My work has always been too calculated for its own good. Only in the past year have I been able to fight off the false need to control the media instead of letting the media speak for itself. It depends on if the media needs to speak for itself to begin with – which varies by piece. It’s a symptom of being a new painter, and that balance will take me some time to discover. To know why something should be painted instead of drawn or sculpted or whatever else is important but takes some time to resolve. The first issue to flesh out is whether an idea should be implemented at all. That doesn’t sound spontaneous, but there’s the spontaneity that births the realization of an idea, and there’s the spontaneity that carries a well-established concept through its fruition.
Which artists do you admire most and why?
The Constructivists, the Bauhaus, anywhere there is a merger of art and design. Artists who have multi-facted formal training and admonish process in their own work. As selective as I am, I have deep admiration for artists who successfully address the human figure in their work. Winston Chmielinski, Nicola Samorì, Arshile Gorky, Sally Mann, Kris Knight, Max Klinger, Marlene Dumas, Jenny Morgan, Vilhelm Hammershøi, Irving Penn, Alexander Tinei, too many to mention here – I think figurative art is the most challenging work to create as an artist. Not because it’s technically difficult, but because most figurative work is pointless. It’s hard enough for me to cope with art being such a selfish thing without drawing myself or another person in my work. I started cataloging some of what I find influential in figurative art at obscurantisme.tumblr.com. Not all of the pieces I post there are things I love, but all of the pieces I choose have a certain level of confrontation in them, they all avoid the consumable emotional archetypes so much figurative work is meant to fall into, especially lately.
Your work seems like it could very easily translate into textiles for various items; pillows, clothing, curtains, et cetera. Do you think that’s something you’d be interested in developing?
I’ve never licensed my work for these types of production, but wouldn’t say no to the right collaboration. I have no interest in setting out to produce textiles or other utilitarian implementations on my own. 2014 might be more about producing editions of my work, but I’ve been saying that since 2012. I need to connect with the right person to get this done – if you’re a printer and reading this, feel free to get in touch.
What does the term “struggling artist” mean to you? Do you think artists need to struggle in order to succeed?
It means about the same thing as “struggling accountant” or “struggling project manager”. Life is struggle. Artists need to do good honest work to succeed.
Do you think of your work as a business or commodity? Does that change the nature of your process?
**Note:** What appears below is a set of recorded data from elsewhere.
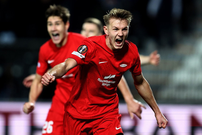 Brann, liðið sem Freyr Alexandersson stýrir, gerði 3-3 jafntefli gegn Midtjylland í stórskemmtilegum Evrópudeildarleik í gær. Eftir leik fór Emil Kornvig, sóknarmiðjumaður Brann, að stuðningsmönnum og þakkaði fyrir sig.
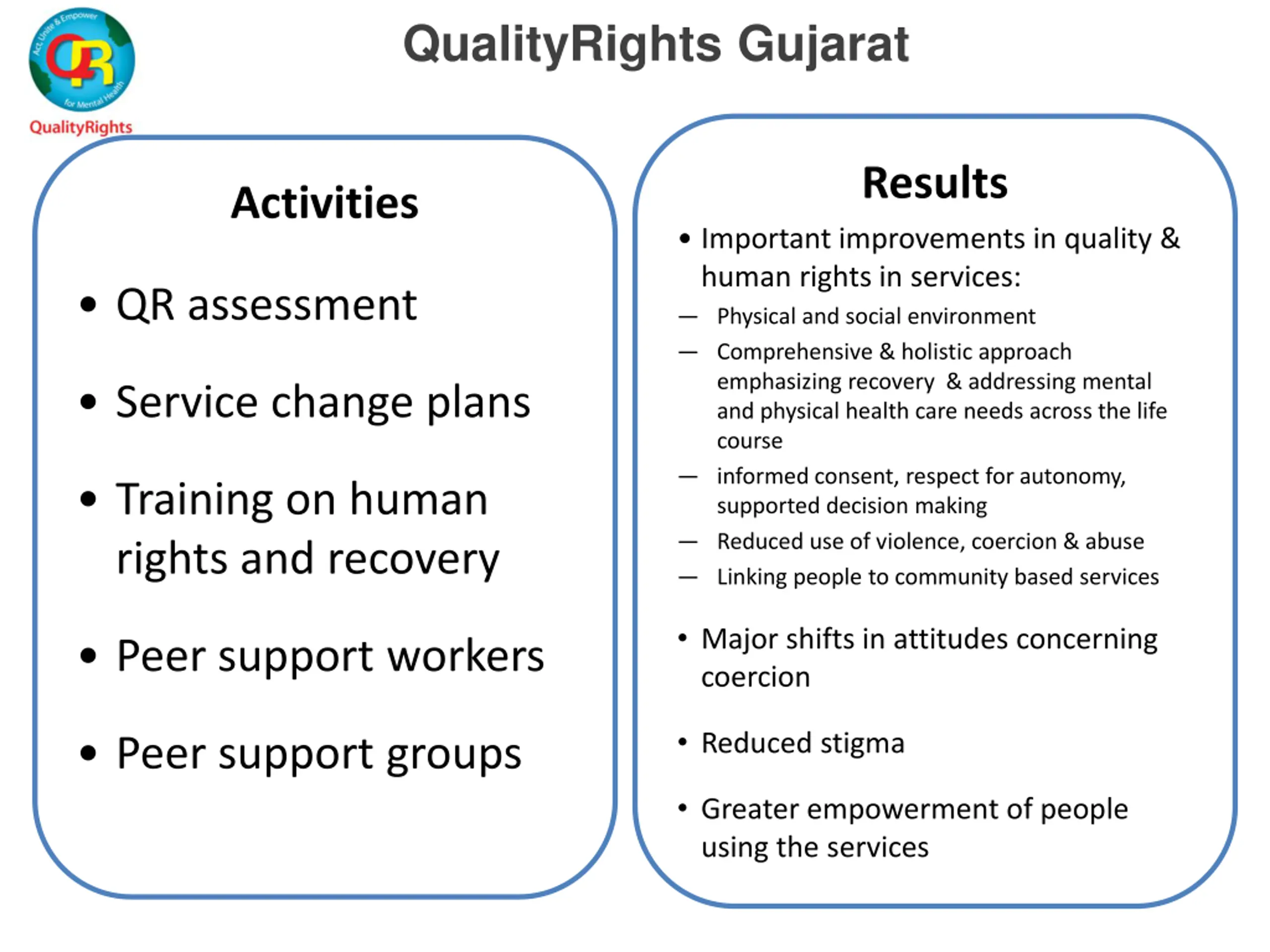 QualityRights Gujarat Results Activities Important improvements in quality & human rights in services: Physical and social environment Comprehensive & holistic approach emphasizing recovery & addressing mental and physical health care needs across the life course informed consent, respect for autonomy, supported decision making Reduced use of violence, coercion & abuse Linking people to community based services QR assessment Service change plans Training on human rights and recovery Major shifts in attitudes concerning coercion Peer support workers Reduced stigma Peer support groups Greater empowerment of people using the services
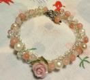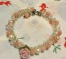 ローズクォーツ、ピンクオパール、チェリークォーツ、クリスタルオーラ、淡水パール、水晶、薔薇珊瑚、コットンパール、葉っぱビーズ、ロンデル
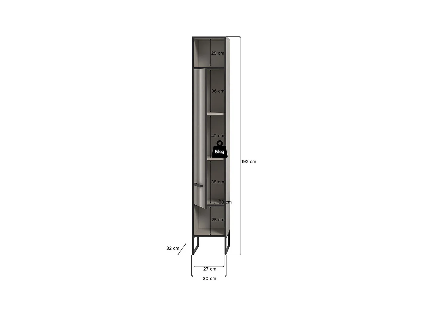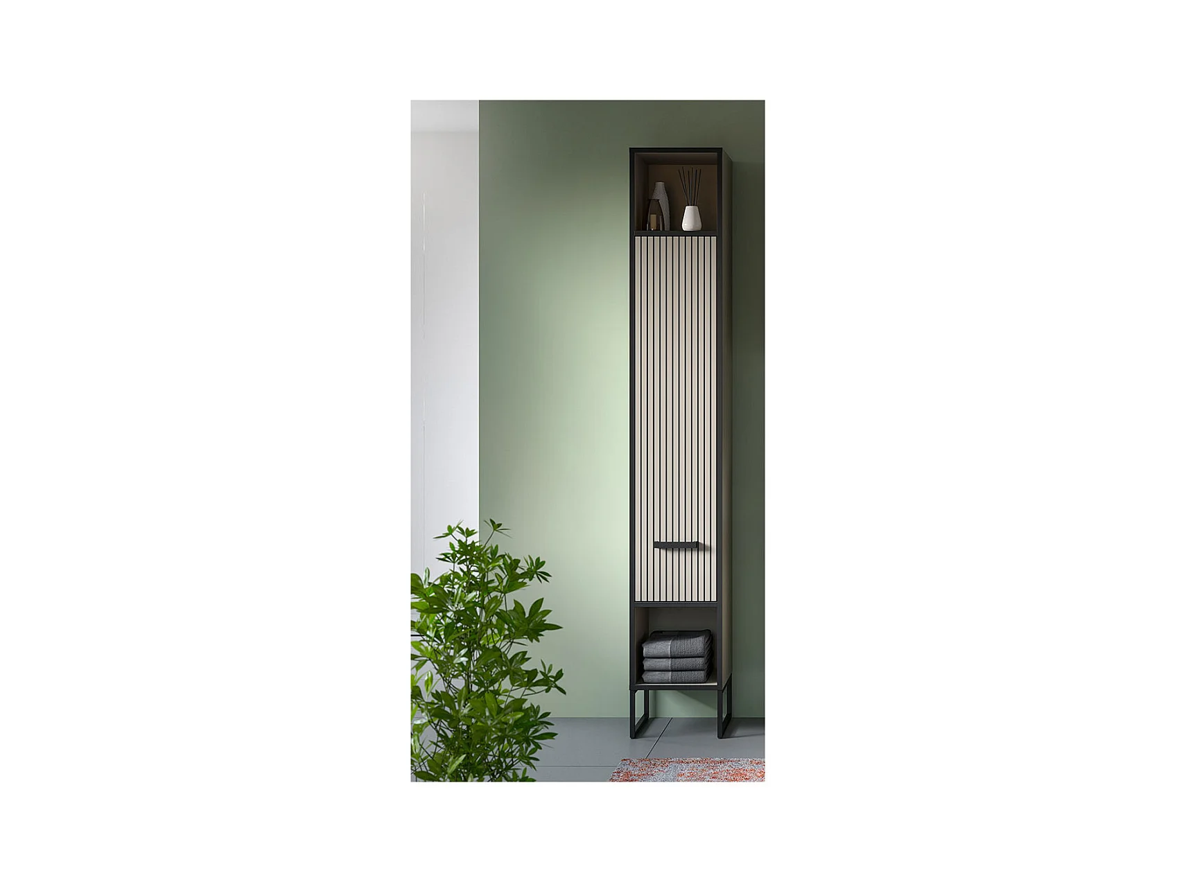 Bagno Hochschrank Bad 1 Tür 2 Fächer hellgrau, cremefarben.
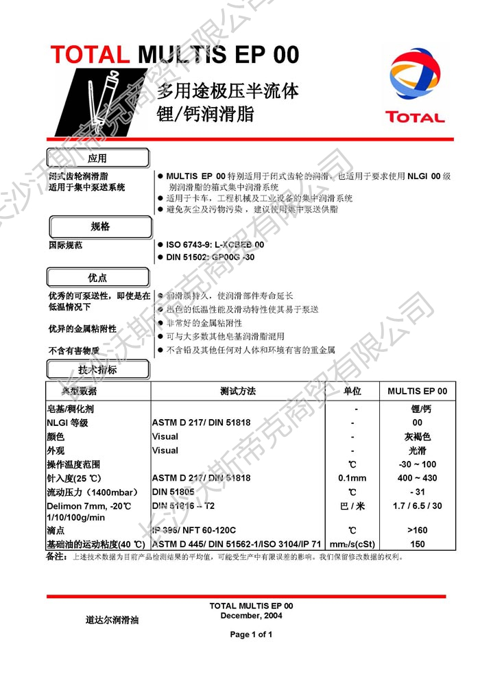 道達(dá)爾Multis EP00鋰/鈣基潤(rùn)滑脂  詳細(xì)說明
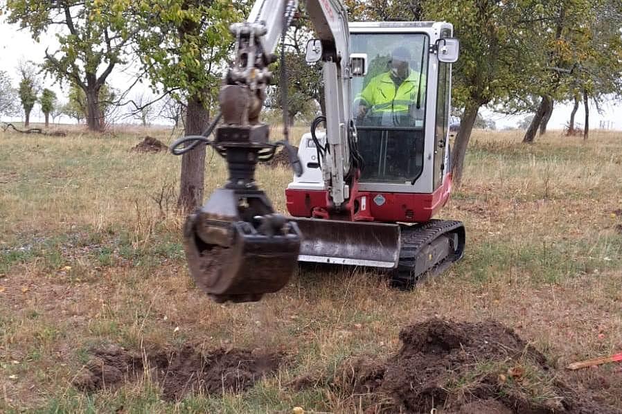 Die 30 Obstbäume, gestiftet von der Gemeinde, und das Material wie Pfosten und Pflanzerde, sind bestellt. Die Pflanzlöcher wurden bereits ausgehoben und sind von Mitarbeitern des Bauhofes gleich gründlich gewässert worden.
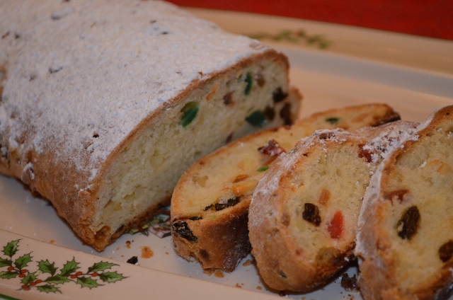 Stollen was a Christmas staple for my German mother-in-law. I continue to make stollen yearly for my husband which he enjoys with a generous dollop of butter and a cup of coffee. The recipe below makes two large loaves. Rather than two large loaves, I divide the dough into four parts and make three smaller loaves so I have some for gifts and I use one part to make a cinnamon loaf. For the cinnamon loaf, after rolling out, I smear with butter, sprinkle with cinnamon/sugar and roll up. It can be baked as a loaf or cut into rolls. Nuts are always good to add and top with a powdered sugar glaze.
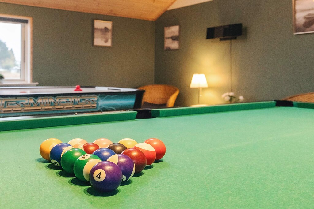 Huset opleves velholdt og meget pænt indrettet med fine designede møbler, Alt uden synlig slidtage, Godt aktivitetsrum med bl,a, billardbord i god og fin stand, Dyner, puder, madrasser og senge ligeledes i god stand, / Eneste minus er at smart TV s skærm opleves for lille, Dertil at tv et bør have en anden placering grundet solindfald/-reflekser,
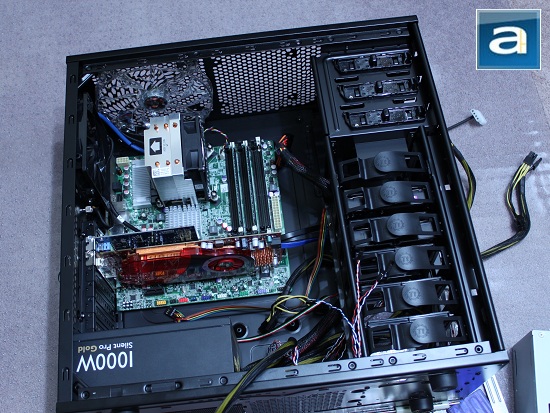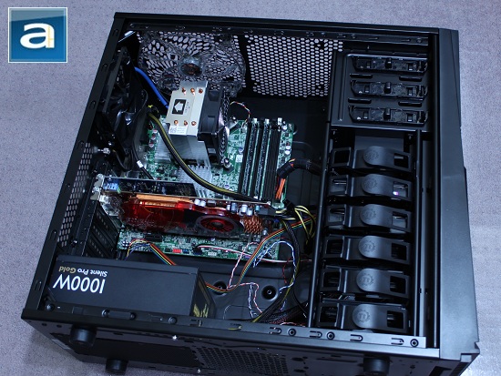 The Thermaltake Armor A60 gives you plenty of space to work with, so it is really up to you whether you want to install the motherboard or the power supply first. For my preference, I dropped the power supply prior to installing the motherboard, so I can get the minor cabling sorted out before creating a big mess -- along with the front panel I/O, audio, eSATA, and USB cables ready to be plugged in once the motherboard is settled. Three risers were screwed in, and I left the rest to the integrated bumps for easy installation of the motherboard.
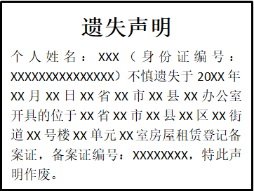 個(gè)人姓名:XXX(身份證編號(hào):XXXXXXXXXXXXXXX)不慎遺失于20XX年XX月XX日XX省XX市XX縣XX辦公室開具的位于XX省XX市XX縣XX區(qū)XX街道XX號(hào)樓XX單元XX室房屋租賃登記備案證,備案證編號(hào):XXXXXXXX,特此聲明作廢。
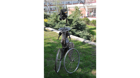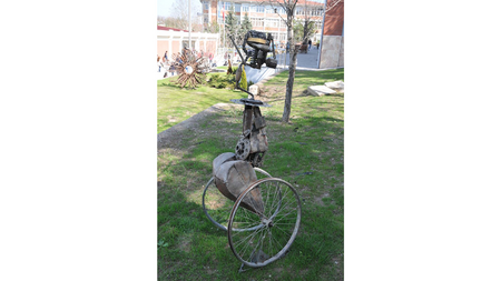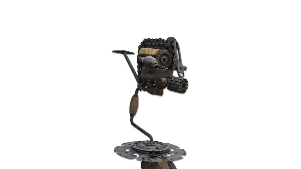 The use of waste metals emphasizes the importance of sustainability and recycling, while the design of the sculpture symbolizes the belief in the advancement of women in business and life. Feet with wheels represent movement and speed, symbolizing the ability to overcome any obstacle. Shaped with an abstract figurative approach. Spirit  of movement has an elegant exterior despite the  hardness and durability of metal.
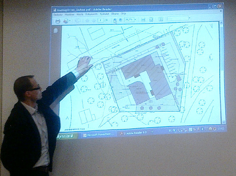 ![]() Kelvoton kaavoitus kostautuu. Yksityinen päiväkoti Aurinkoinen Oy haluaa rakentaa Laukaan keskustaan päiväkodin. Paikaksi on valikoitunut Urheilukentän takana oleva maa-alue, jonne ajoyhteys tulisi Urheilutieltä, asuntokadulta. Asukkaat ovat keränneet 79 nimen adressin ja vastustaneet hanketta juuri siksi, että päiväkodin liikenne on täysin sopimaton asuntoalueen läpi. Päiväkoti toimisi myös öisin ja viikonloppuisin. Asukkaat tekivät oikaisuvaatimuksen kunnanhallituksen päätöksestä, jossa tontin hinta vahvistettiin. Kunnanhallitus hylkäsi oikaisuvaatimuksen perusteettomana joulukuun loppupuolella 2010. Aurinkoinen Oy järjesti keskiviikkona 26.01.2011 tiedotus- ja kuulemistilaisuuden, jossa olivat mukana Aurinkoisen omistajapari ja rakennushankkeen toteuttaja LapTi Oy kahden edustajan voimin. Paikalla oli myös Laukaan sosiaalijohtaja ja päiväkotitoiminnasta vastaava osastonjohtaja. Asukkaita oli heidän lisäkseen viitisentoista, jopa yllättävän paljon. Asia siis kiinnosti. Aurinkoinen esitteli

Yes. I’ve been fortunate enough to gain clientele who trusts my work enough to be almost entirely hands-off, which allows me to make my own strides in concept and as a draftsman. I’d love more chances to design professionally, which is a different vehicle in some ways. My process isn’t changed whether or not I’m making work to sell. My work can easily take a decorative function, which some look upon critically. At this point in my career, I don’t. Treating my work with some level of learned professionalism makes certain aspects of self-promotion easier. I’ve not yet been represented by a gallery or agency, so it’s my responsibility to represent myself and my work at a level people trust enough to then become patrons of the work. That someone would want to own my work, sight unseen, and trust me to create work to fulfill a specific purpose is still a humbling experience.
What advice would you give to your 22-year-old self? How about your 45-year-old self?
22: You can do better. 45: You can do better.